E, bem, a minha empresa de modas, Veroalfíe, está trabalhando com ela e sua gente para isso.
Um dia abordei o povo de Graciela e de seu esposo, Ramón, com um monte de ideias criativas e talvez atrevidas: queria deixar as mulheres da comunidade interessadas em agregar valor àqueles ponchos artesanais com um toque de design e de moda. Eu francamente pensei que me custaria muito, mas eu expus o projeto e elas me disseram, com o entusiasmo que as caracteriza, “para amanhã temos uma amostra”. Foi o início de uma parceria só com ganhadores.
Já trabalhamos juntas há quatro temporadas!

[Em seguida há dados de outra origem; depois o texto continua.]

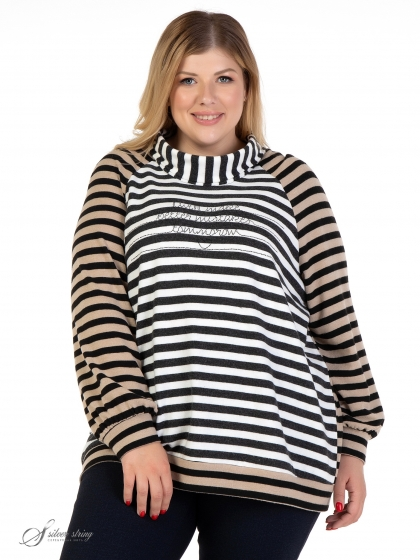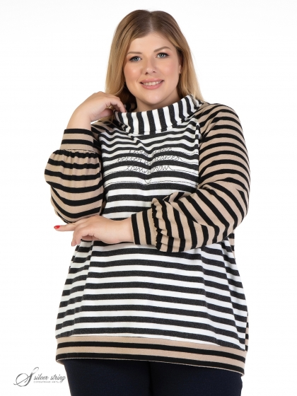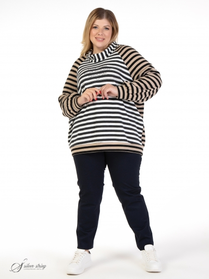 Джемпер прямого силуэта изготовлен из трикотажных полотен с рисунком в полоску разного цвета. Модель с длинным, объемным рукавом, покроя реглан. Понизу рукав присобран на круговую манжету из основного материала. Низ изделия обработан притачным поясом. Линия горловины оформлена мягким воротником типа «хомутик». Полочка декорирована термоаппликацией из миниатюрных страз. В модели учтены особенности фигуры дам нестандартных размеров. Блуза станет базовой вещью в Вашем гардеробе.

Eu gosto de trabalhar com as mulheres de Belén, um povoado a 2.750 metros acima do nível do mar que está quase como parado no tempo. Quando vamos até lá para fazer uma coleção, bebemos mate juntas e comemos empanadas que elas fazem. É viver uma experiência: a comida, os odores, os sabores, o lugar, a forma como se tece…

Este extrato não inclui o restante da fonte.